# Finally!



## Frizzle (Oct 6, 2011)

Having not bred in a long time, I was excited to see how this latest pairing would go. And low and behold, I got what I was asking for! This is the first charlie I've gotten pigment in the middle region and I'm just tickled pink! I haven't picked out a name, but it will probably revolve around and April 1st theme.

I will keep her based on pigment alone.









And pick one of her sisters based on other features.


----------



## Seafolly (Mar 13, 2012)

Thrilled to see you posting here again!  Lovely babies. Excuse my ignorance, but what makes the middle colouration ideal? I've only dealt with pied and self so I'm new to this.


----------



## TwitchingWhiskers (Feb 2, 2013)

They are stunning! They almost look like variegateds to me. :lol: I have the same question as Seafolly, I've never had banded anything, just bt.


----------



## Frizzle (Oct 6, 2011)

Seafolly said:


> Thrilled to see you posting here again!  Lovely babies. Excuse my ignorance, but what makes the middle colouration ideal? I've only dealt with pied and self so I'm new to this.

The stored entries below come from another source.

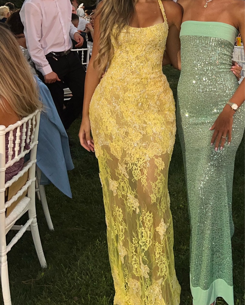 Valdrin Sahiti Yellow Lace Sparkly Gown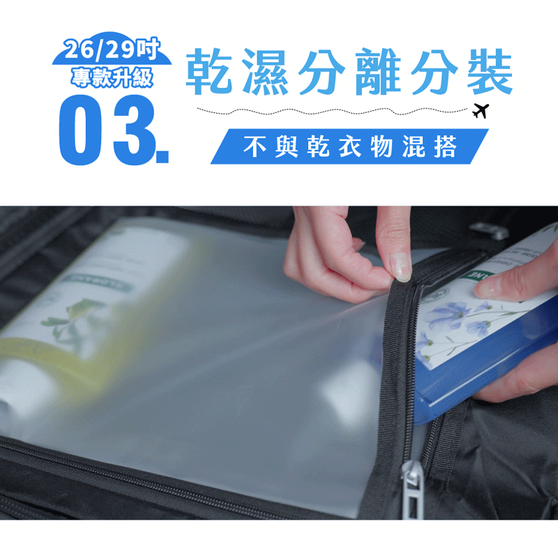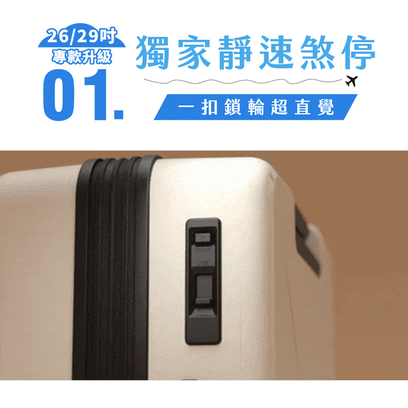 ● 26/29吋出國升級,煞車雙輪/提袋掛勾設計/俐落大容量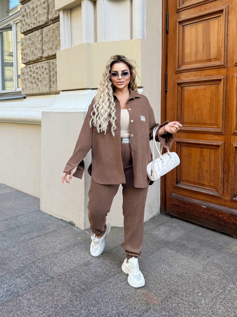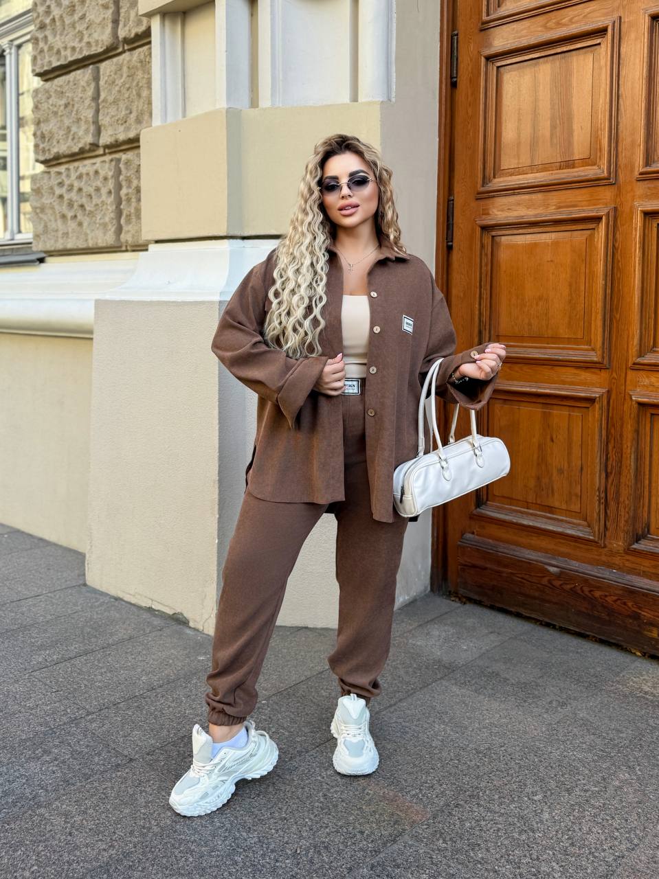 На фото модель виглядає стильно та гармонійно: подовжена сорочка з накладними кишенями та ґудзиками формує трендовий силует, а штани з манжетами на резинці додають образу динамічності та зручності. Комплект чудово підходить для прогулянок, зустрічей та активного міського ритму.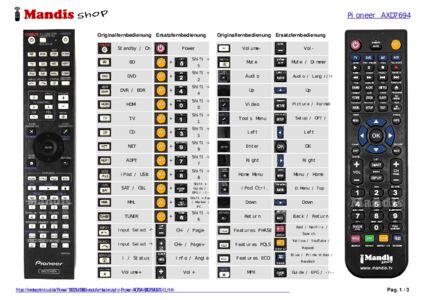 Diese Fernbedienung erfüllt alle Funktionen der Originalfernbedienung: Standby / On, All Zone Stby / Discrete On / RCU Setup, Source Power, BD, DVD, DVR / BDR, HDMI, TV, CD, NET, ADPT, iPod / USB, SAT / CBL, MHL, TUNER, ← Input Select, Input Select →, i / Status, Receiver, TV Power, TV Input, TV CH+, TV CH-, TV Vol+, TV Vol-, Volume+, Volume-, Mute, Audio Parameter / Top Menu, Video Parameter / Tools / Menu, Up, Left, Enter, Right, Down, Home Menu / iPod CTRL, Return, PHASE, PCTRL+, PQLS, ECO, Pause / MPX, Play / Band, Stop / PTY, I<< / Preset-, >>I / Preset+, << / Tune-, >> / Tune+, 1 / Auto / ALC / Direct, 2 / Standard, 3 / Adv Surr, 4 / Signal Sel, 5 / MCACC, 6 / CH Level, 7 / Speakers, 8 / Dimmer, 9 / Sleep, 0 / HDMI Out, Rec / CLR / D.Access, Enter / Class, Audio / +Favorite, Disp / Auto S.RTRV, CH+ / Repeat, CH- / Random, Zone 2, Zone 3, HD Zone, Option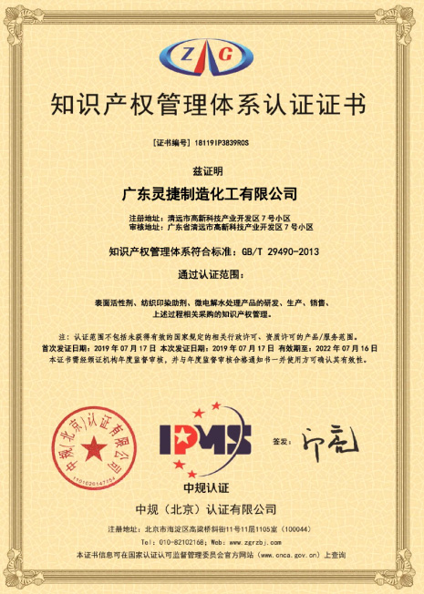 靈捷制造化工于2019年7月17日正式獲得由中規(guī)(北京)認(rèn)證公司頒發(fā)的《知識(shí)產(chǎn)權(quán)管理體系認(rèn)證證書(shū)》(證書(shū)編號(hào):18119IP3839R0S),這標(biāo)志著我公司在知識(shí)產(chǎn)權(quán)創(chuàng)造、運(yùn)用、管理和保護(hù)方面邁入國(guó)內(nèi)領(lǐng)先水平。

Lol, they are only ideal to me. : 3 Charlies are usually culled unless a breeder is low in numbers, since banded is heterozygously dominant. It makes me feel like an explorer, I don't think much has been done with them, save breeds for BEWs. I was just playing with the variety to see if I _could_ get more pigment on a mouse that wants to be white.



TwitchingWhiskers said:


> They are stunning! They almost look like variegateds to me. :lol: I have the same question as Seafolly, I've never had banded anything, just bt.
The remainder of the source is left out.